Motorist challenges Harare City Council’s impoundment of vehicle
'Impounding a motor vehicle in order to force the owner to pay a penalty amounts to extortion.'
A local motorist has petitioned the High Court for an order declaring the practice of Harare Municipal police impounding motor vehicles for alleged violations of city traffic laws to be unlawful.
Reason Mupanga of Seke contends that the city traffic enforcement authorities’ unpopular practice of forcing motorists to pay fines amounted to extortion.
Mupanga claims his car was impounded earlier this year despite the fact that he had committed no crime.
He only got the car back after paying a $68 fine.
In court documents gleaned by this publication, Mupanga claims his car was seized after he had refused to pay a bribe.
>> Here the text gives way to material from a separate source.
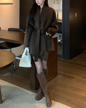 たっぷりとしたビッグカラーが顔まわりを華やかに魅せてくれるウールショートコート。ゆったりとしたシルエットに、ウエストリボンをプラスして女性らしいメリハリを演出。ドロップショルダーで抜け感があり、大人ガーリーな印象に。柔らかく高級感のあるダブルフェイス生地で、秋冬のお出かけにぴったりな一枚です。

“The applicant intends to apply to the High Court of Zimbabwe sitting at Harare for a review of the Form of Notice issued by the city of Harare in terms of the Municipal Traffic Laws Enforcement Act (Chapter 29:10) and Harare (Clamping and Tow-Away) By-Laws, Statutory Instrument 104 of 2005; and the practice of impounding a motor vehicle in order to force the owner to pay a penalty.
“The Form of Notice…does not comply with the provisions of section 4 of the Municipal Traffic Laws Enforcement Act [Chapter 29:10].
“Furthermore, the practice of impounding a motor vehicle in order to force the owner to pay a penalty amounts to extortion. It is unlawful,” he says.
In his founding affidavit, Mupanga said on 27 January 2023 at around 9am, he was driving along Lytton Road to Old Marimba, Mufakose in the company of a friend whom he later dropped in the industrial area.
“There was no ‘NO STOPPING’ sign prohibiting me from stopping,” he says.
“At the point that I stopped, the road was quite wide with enough to accommodate a stopping car without disturbing the flow of traffic.”
Mupanga says he was immediately confronted by two plain clothes men who ushered themselves into his car and identified themselves as police officers.
The two also signaled their colleagues who were a little further down the road to come over.
All the four were not in uniform, he says.
“They tried to solicit for a bribe from me to which l vehemently refused.
“All four stout police officers piled into my small car and instructed me to drive back onto Paisley Road towards Coventry Road with them.
“Along the way, further requests for a bribe were made. I refused to pay,” Mupanga says.
He was then ordered to drive into the city council’s central stores where his car was impounded before being made to pay a fine.
Mupanga says despite paying a fine for the release of his car, he remains aggrieved by the experience which he has elected to challenge through the courts.
“The Form of Notice that is issued by the CITY OF HARARE violates every basic tenet of natural justice.
“In a minor traffic offence, the system that is reflected in the Form of Notice, such as that written out for me and annexed hereto effectively makes the City of Harare, the prosecutor of the case, the judge and the executioner. That cannot be legal,” he said.